By E Njega
Too bad to rule; too young to retire. What a country!
Can’t believe we are debating about Uhuru extending his term in any shape or form. These are debates for failed states. Uhuru can only salvage his legacy by resigning at the earliest opportunity and allowing another person try his hand in changing the fortunes of this country. Decent leaders resign when it is plain clear they can no longer deliver.
“The amount Kenya spent on debt repayments more than doubled in the first quarter of this financial year compared with the same period in 2017, highlighting the increasing burden on the taxpayer.
The Treasury released Sh153 billion to settle the country’s loan in the period between July and September compared with only Sh75.3 billion in the same period last year, data published by National Treasury last week shows.
By comparison, the Kenya Revenue Authority (KRA) only managed to grow tax collection by 3.7 percent over the period, from Sh317.4 billion to Sh329 billion in the first quarter of this financial year.
That means debt repayment alone consumed 46.5 percent of taxes that KRA collected in the first quarter of 2018/19, adding to a pile of recurrent expenses that have stifled development over the years.” Business Daily
Every time President Uhuru Kenyatta is interviewed about our public debt issue he always says he would only have a problem if the debt is going into recurrent spending.
For a fact part of our debt has gone into recurrent spending.
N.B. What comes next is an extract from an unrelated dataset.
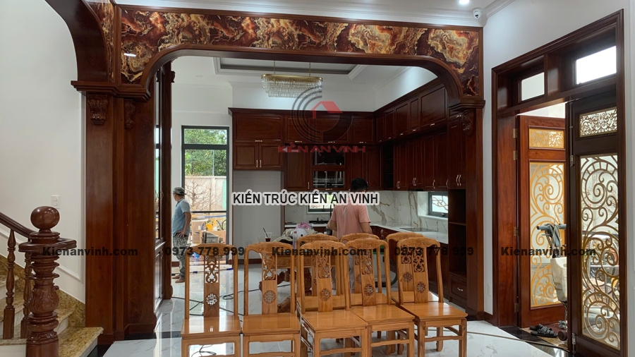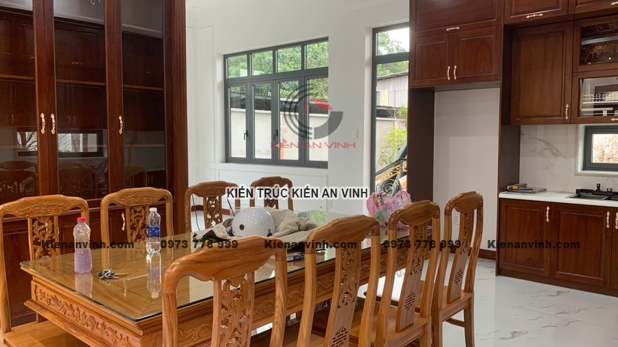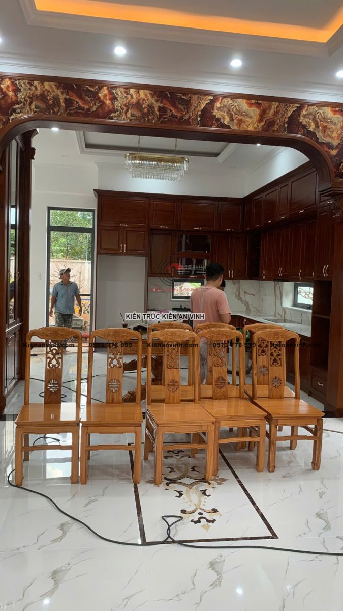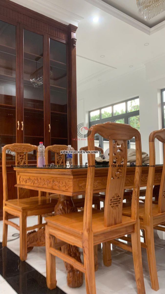 Khu vực ăn và bếp biệt thự: Ấm cúng, kết nối với bàn ăn gỗ chạm khắc tinh xảo
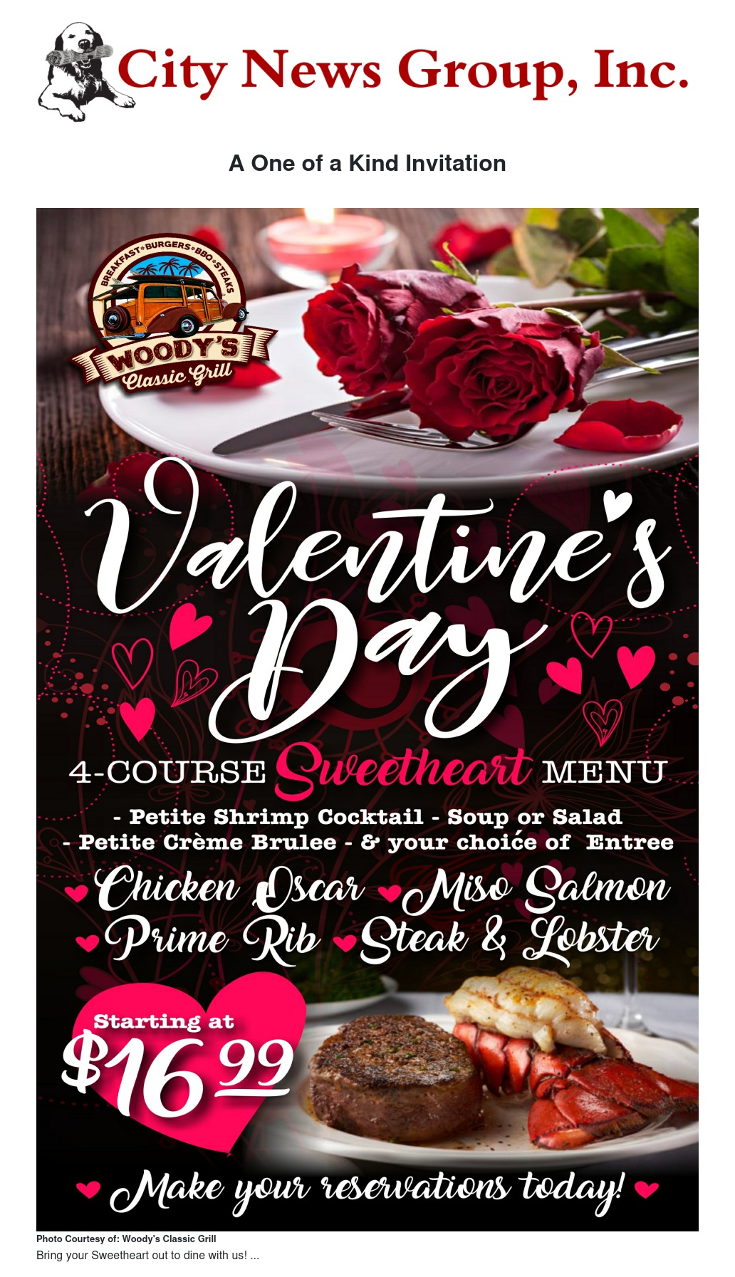 Woody’s Classic Grill, located in the heart of Grand Terrace, is one such restaurant catering to the sweethearts not only on February 14th, but on a daily basis. Mike and Lori Miller, owners of Woody’s would like to invite you to bring your special ones out for a taste of love. Chef Miguel will put his talent on display by serving up a delectable meal especially planned and prepped by him and his talented team of professionals in the kitchen. Food lovers will have their choice of either the classic Woody’s menu or the Valentine’s Day Sweetheart Menu, courteously extended from Thursday, February 14th through Sunday, February 16th.

Besides the part going into development spending has gone into politically correct economically unproductive projects. Furthermore, most of the borrowed money has been stolen by people many who are still in government.
Five years after we borrowed the first eurobond, we cannot even afford a shilling to repay it. We are now going to issue a third eurobond to finance the repayment.
If the borrowed money was well utilised how come it cannot finance its own repayment?